* _PROBLEM TO WORK ON_: Copy, word for word, the lines of the listing below from the line with "aksesuarları yer almaktadır." up to and including the line with "in shorts, cowboy". Drop the pictures.

= = = = = = =

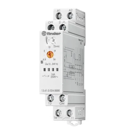 13.61 Series - Multifunction Step/Monostable Relays with Reset Command. Finder 13.61 Series multifunction step/monostable relay with reset command, rail mounted with 1 pole. Multifunction (Step, Timing step, Monostable, Light ON) Reset feature, for centralised off command Control input can be continuously applied Longer mechanical and electrical life, and quieter than electromechanical step relays Zero-crossing load switching 35 mm rail mount Cadmium free contact material Screw terminal
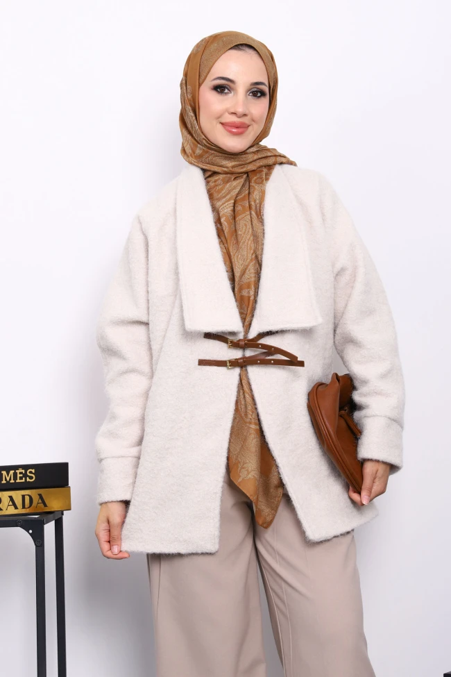 * Ürün Detay : Ürünümüz Kaşe Kumaştan Üretilmiştir. Göğüs kısmında kemer aksesuarları yer almaktadır.
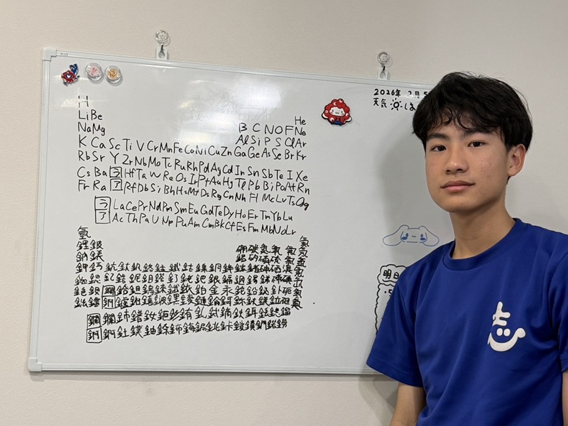 ホワイトボードに元素記号とその中国語です。
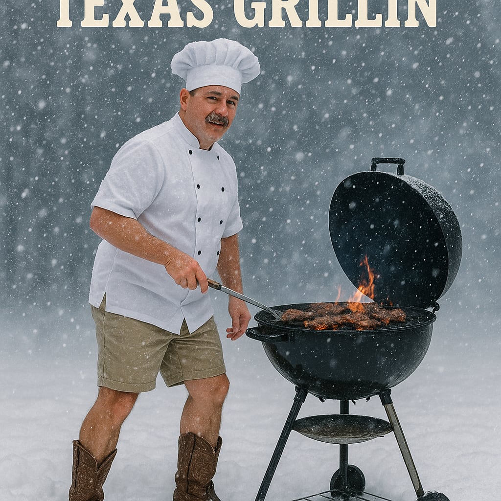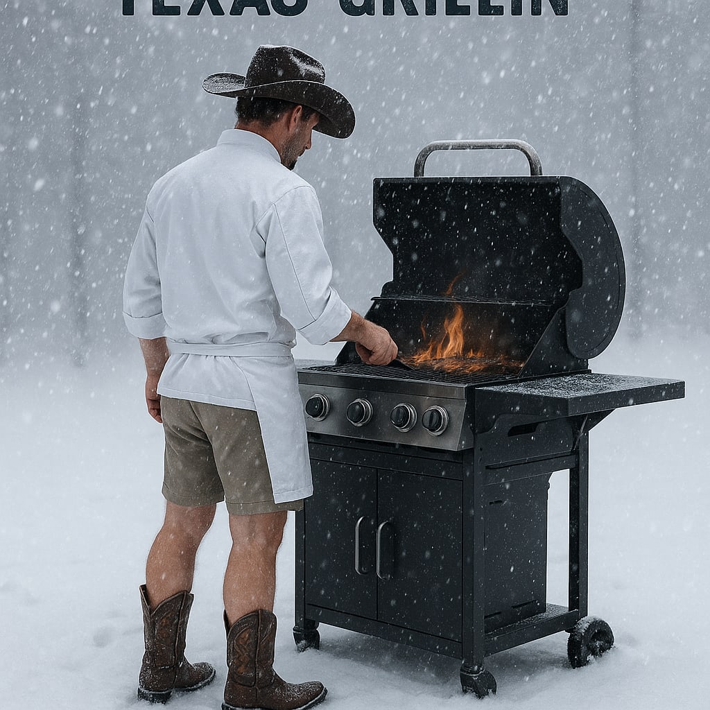 /showme a chef in shorts, cowboy hat, and cowboy boots grilling in a snowstorm on a 3-burner grill and label it “Texas Grillin’” and label it “Texas Grillin’” and mark it “Copyright phendrick, February 2026”
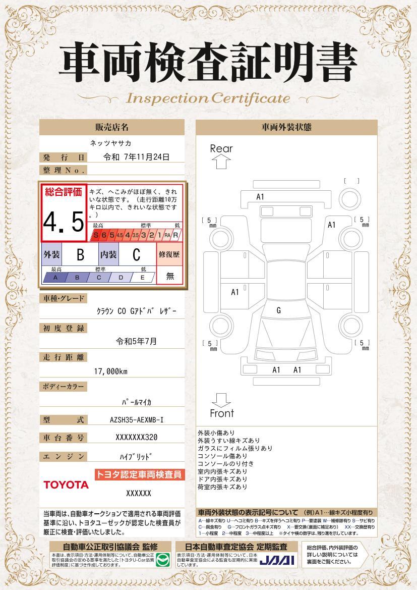 車両状態(クラウンクロスオーバー Gアドバンスド・レザーパッケージ)
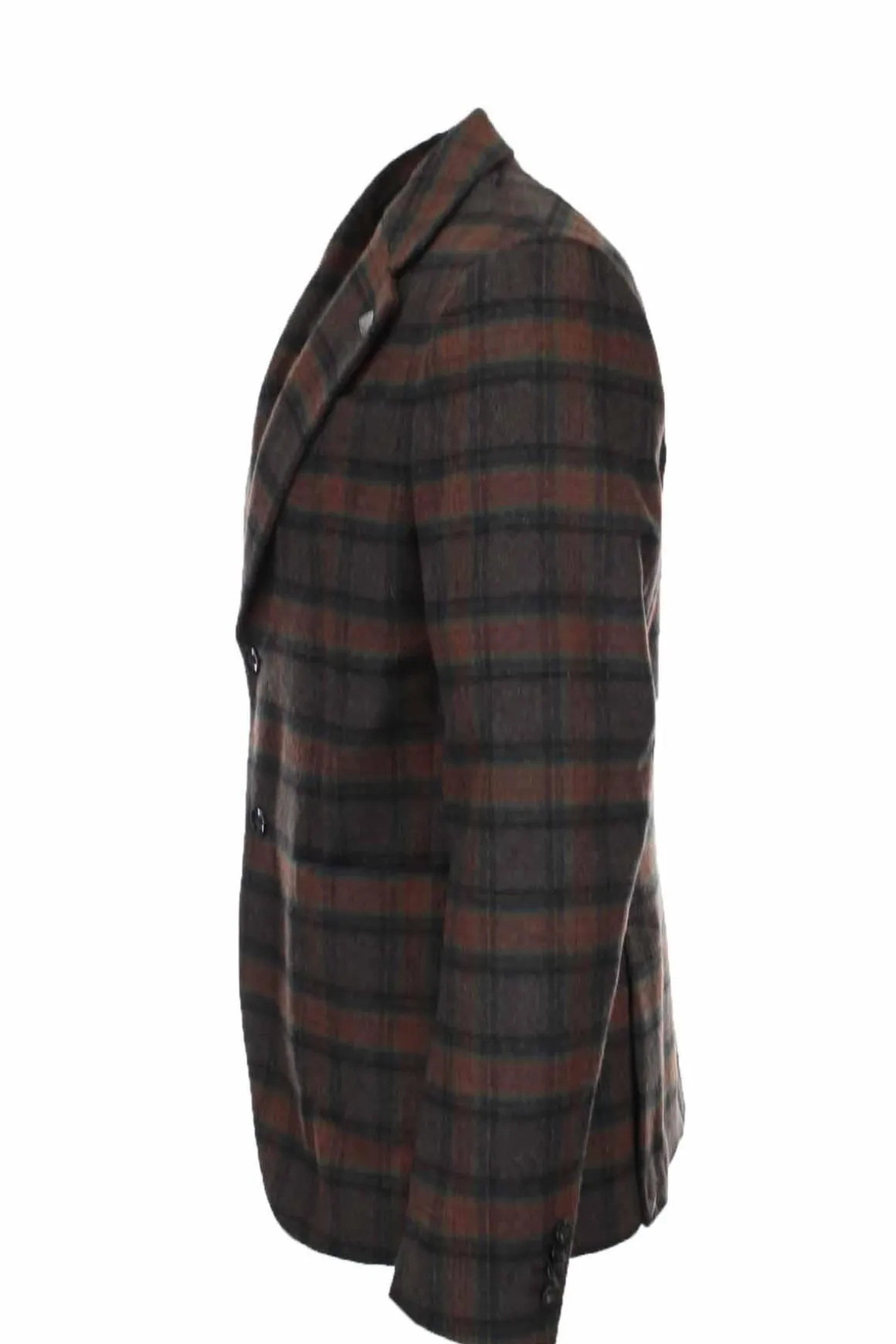 Giacca sfoderata a quadri in misto lana, rever ampio, 2 bottoni, spacchi laterali, tasche a toppa, tasche interne, vestibilità regolare, 65% lana, 30% poliestere, 5% altre fibre.
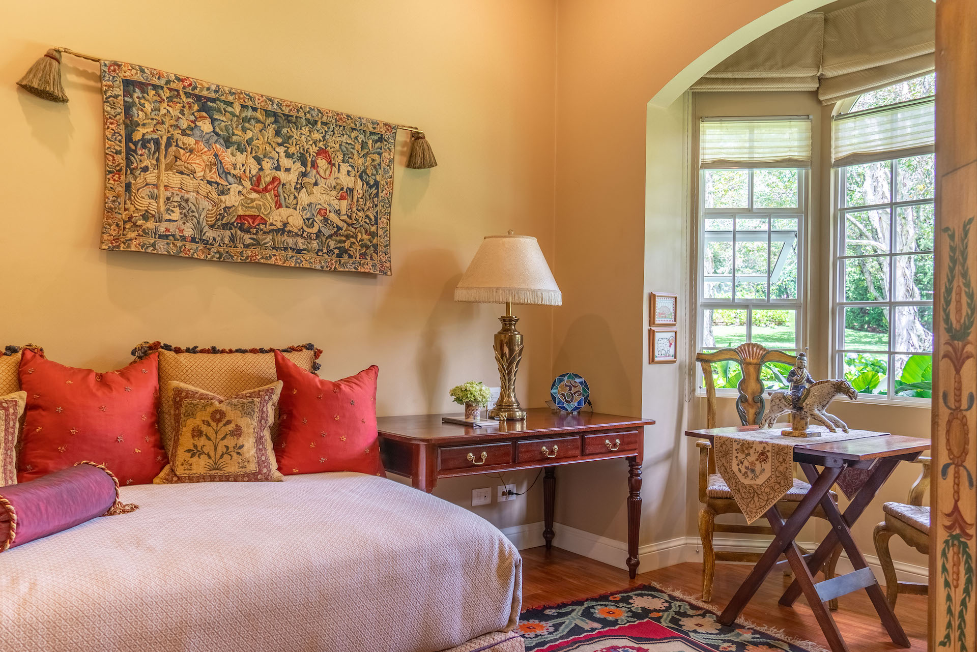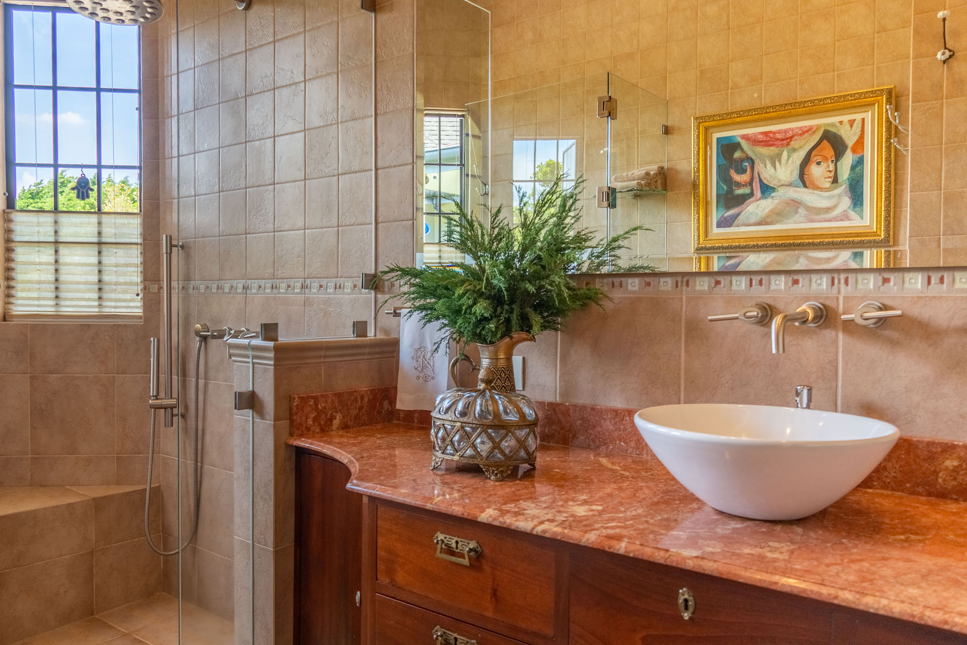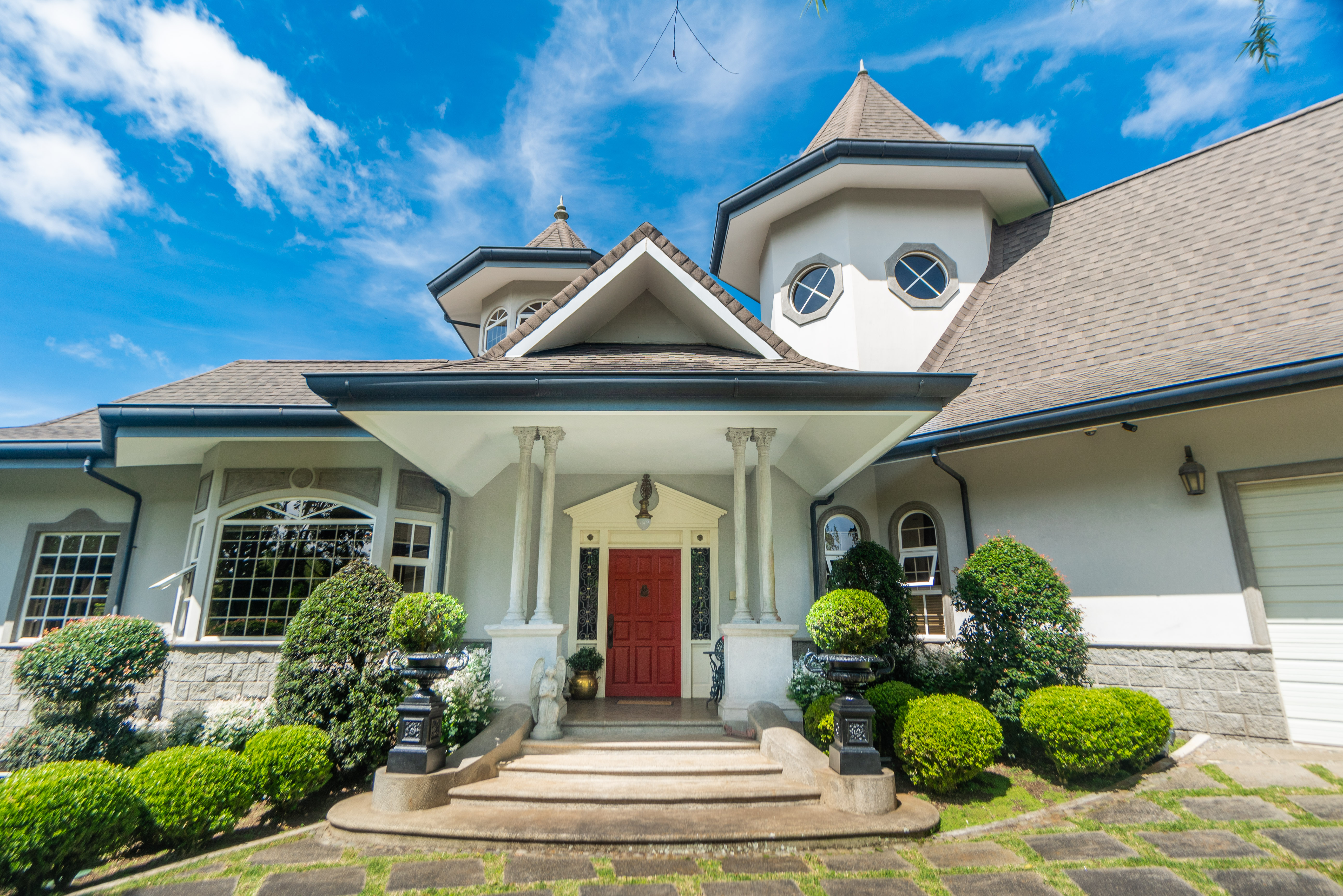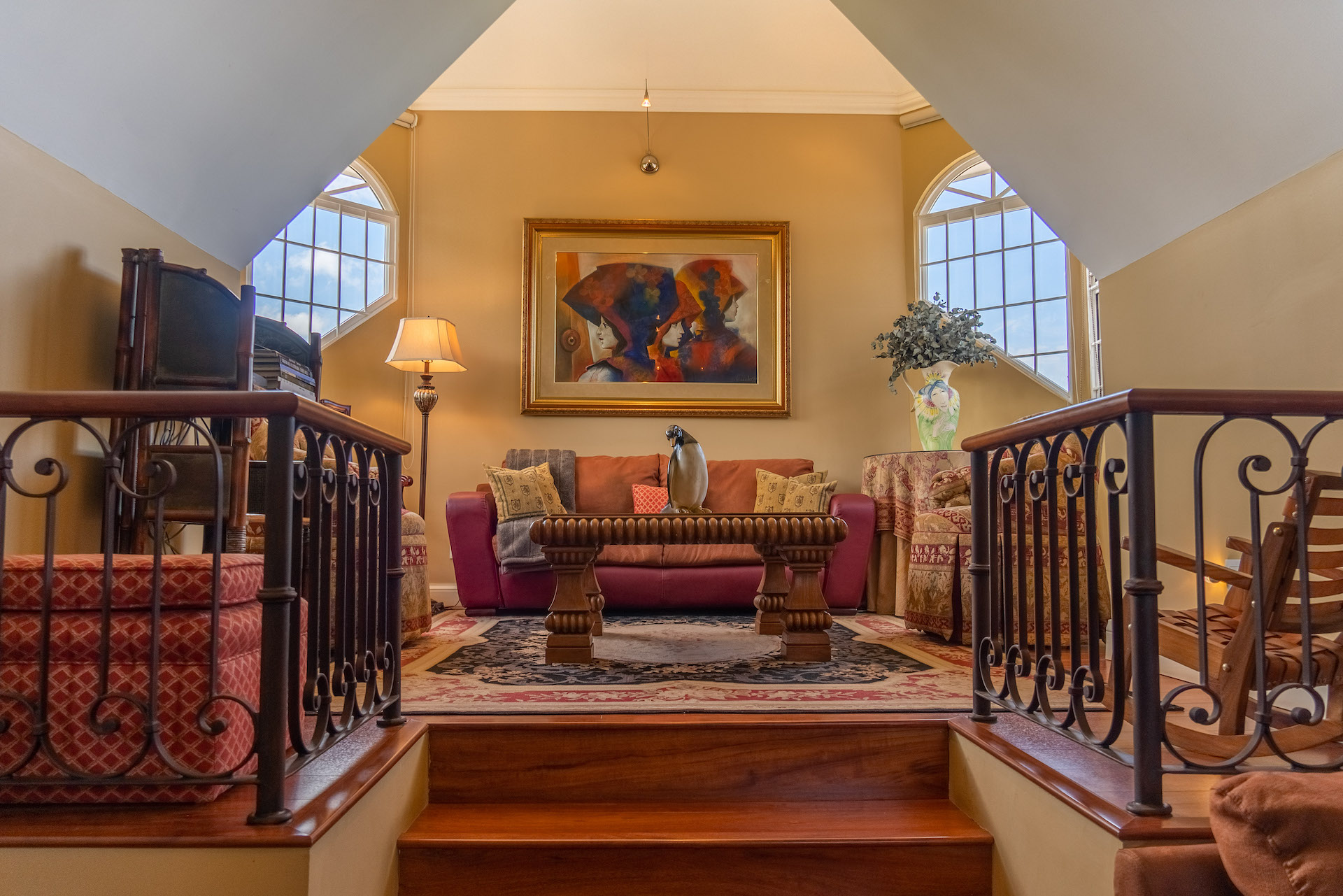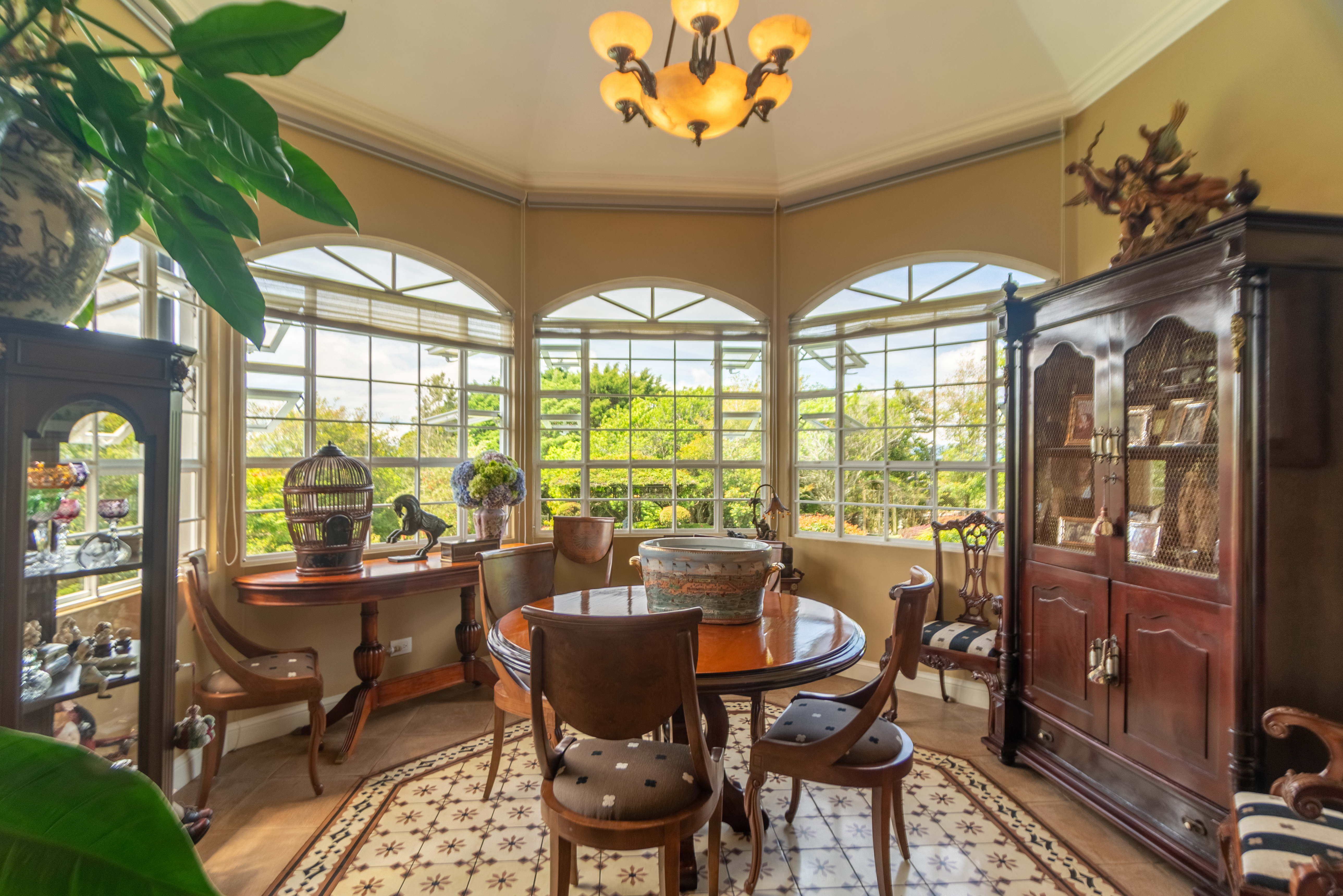 Three bedrooms on the first level each with its bathroom. The master bedroom is quite spacious for a king bed, sitting room, office and private access to the garden. The main bathroom has red marble and antique furniture. Door with viscelated glass at the entrance to the bedroom area. On the second floor (in the tower), there is a wonderful two-ambiance bedroom with a full bathroom and views of the Poas and Turrialba volcanoes. On the ground floor, there is a multipurpose room that can be used from the 5th room or social area. It offers a full bathroom, stone floors of MOSAICOS DONINELLI, access to the garden through a private door (so it can even be a nice mini-apartment for visitors, in-laws or use it as Airbnb), it even has space for a wine cellar and storage room.

= = = = = = =

* _RESPONSE TO THIS TASK_:
 * Ürün Detay : Ürünümüz Kaşe Kumaştan Üretilmiştir. Göğüs kısmında kemer aksesuarları yer almaktadır.
 ホワイトボードに元素記号とその中国語です。
 /showme a chef in shorts, cowboy hat, and cowboy boots grilling in a snowstorm on a 3-burner grill and label it “Texas Grillin’” and label it “Texas Grillin’” and mark it “Copyright phendrick, February 2026”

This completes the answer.